Department of Biomolecular Imaging, Institute of Biomembranes, Utrecht University, Padualaan 8, Utrecht 3584 CH, The Netherlands.
Traffic. 2012 Jul;13(7):926-33. doi: 10.1111/j.1600-0854.2012.01363.x. Epub 2012 Apr 29.

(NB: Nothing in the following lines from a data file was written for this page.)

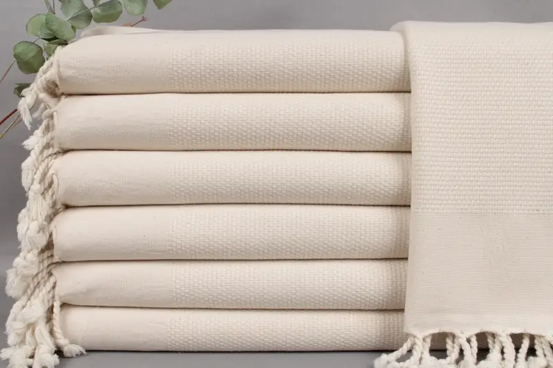 Woven from organic Turkish cotton, the towels are characterized by their high absorbency, ensuring effective moisture wicking and quick drying. Measuring 24x44 inches or 60x110 centimeters, they weigh 140 grams, with a tolerance of ± 2 inches or 5 centimeters due to the hand-weaving process. Customization is available with embroidery options, allowing for the personalization of letters, names, or logos with choices in font and color placement.
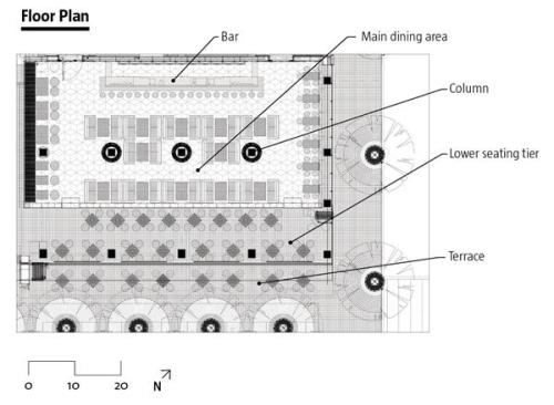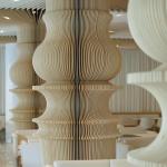 “The columns act as a natural continuation of the ceiling, geometrically inspired by traditional, lathe-spun, wooden table legs,” Todorov says. The covers are attached to supports made of MDF, which was scored and bent to form round columns. The repetition of identical elements recurs in tessellated floor and wall panels, the geometries of which were inspired by the work of M.C. Escher.
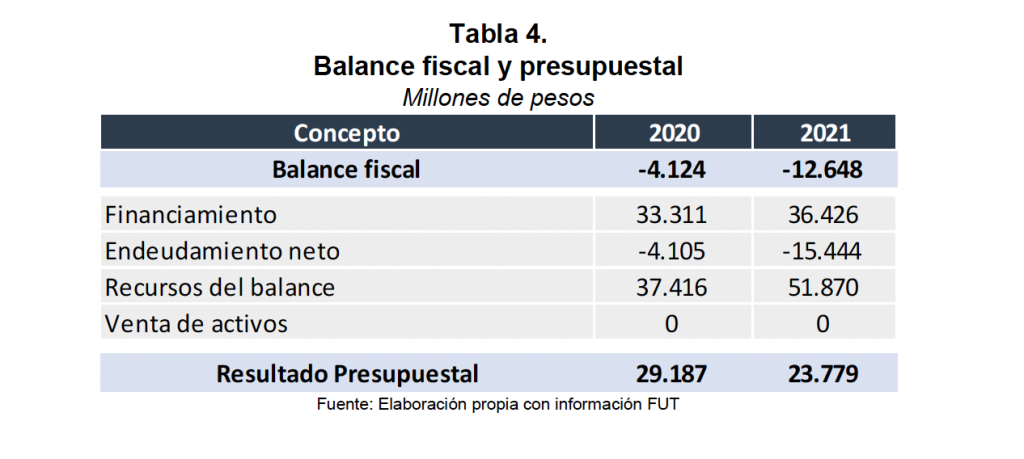 Al tener en cuenta los recursos del balance y el endeudamiento neto, la entidad consolidó un superávit presupuestal por $23.779 millones (Tabla 4).
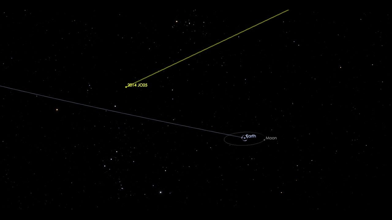 “Although there is no possibility for the asteroid to collide with our planet, this will be a very close approach for an asteroid of this size,” NASA said in a statement. The agency added that it’s not uncommon for smaller asteroids fly by Earth at the same distance that 2014 JO25 will, but its size is noteworthy. “This upcoming close approach is the closest by any known asteroid of this size, or larger, since asteroid Toutatis, a 3.1-mile (five-kilometer) asteroid, which approached within about four lunar distances in September 2004.”
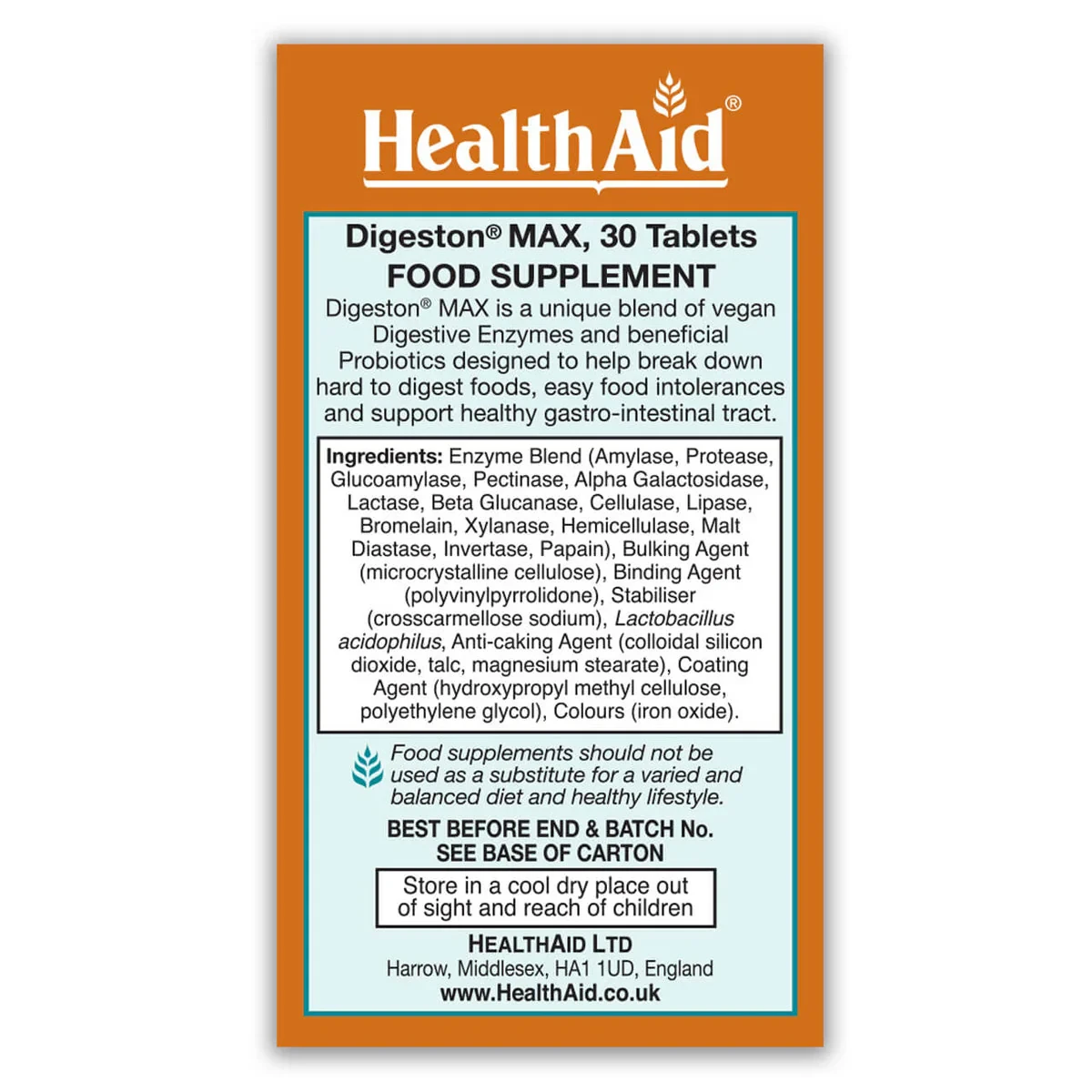 HealthAid Digeston Max is a unique blend of vegan digestive enzymes, including Amylase, Protease, and Lipase, essential for digesting carbohydrates, proteins, and fats. It contains Lactase to alleviate lactose intolerance symptoms and digestive issues. The formula includes Papain and Bromelain, pineapple and papaya extracts known for their anti-inflammatory and digestive properties. It is fortified with 7 Billion acid-resistant Probiotic Strains of Lactobacillus to replenish good bacteria, improve digestion, gut health, and support immune function. Digeston Max offers digestive comfort, intestinal balance, and optimal health with 15 potent vegan enzymes, fruit extracts, and probiotics in a one-a-day tablet. Key Features

Electron tomography (ET) is an indispensable high-resolution tool for three dimensional (3D) imaging in cell biology. When applied to immuno-labeled cells, ET can provide essential insights in both the cellular architecture and the dynamics. Current protocols for 3D immuno-labeling of intracellular antigens include permeabilization steps that cause random, extensive cell membrane disruption. This permeabilization results in a poor cell ultrastructure, limiting the usefulness of the specimens for high-resolution studies. Here we describe a novel method, based on a well-controlled permeabilization by targeted laser cell perforation, that allows for the 3D immuno-localization of cytoplasmic antigens in cultured cells. The approach is unique since it is applicable to both chemically and cryo-fixed cells and leads to a superior ultrastructural preservation for electron microscopy and tomography.
电子断层扫描(ET)是细胞生物学中三维(3D)成像不可或缺的高分辨率工具。当应用于免疫标记的细胞时,ET 可以提供关于细胞结构和动力学的重要见解。目前用于细胞内抗原的 3D 免疫标记的方案包括通透化步骤,该步骤会导致随机的、广泛的细胞膜破坏。这种通透化导致细胞超微结构较差,限制了标本用于高分辨率研究的用途。在这里,我们描述了一种新的方法,基于靶向激光细胞穿孔的良好控制的通透化,该方法允许在培养细胞中进行细胞质抗原的 3D 免疫定位。该方法是独特的,因为它适用于化学固定和冷冻固定的细胞,并导致电子显微镜和断层扫描的超微结构保存更好。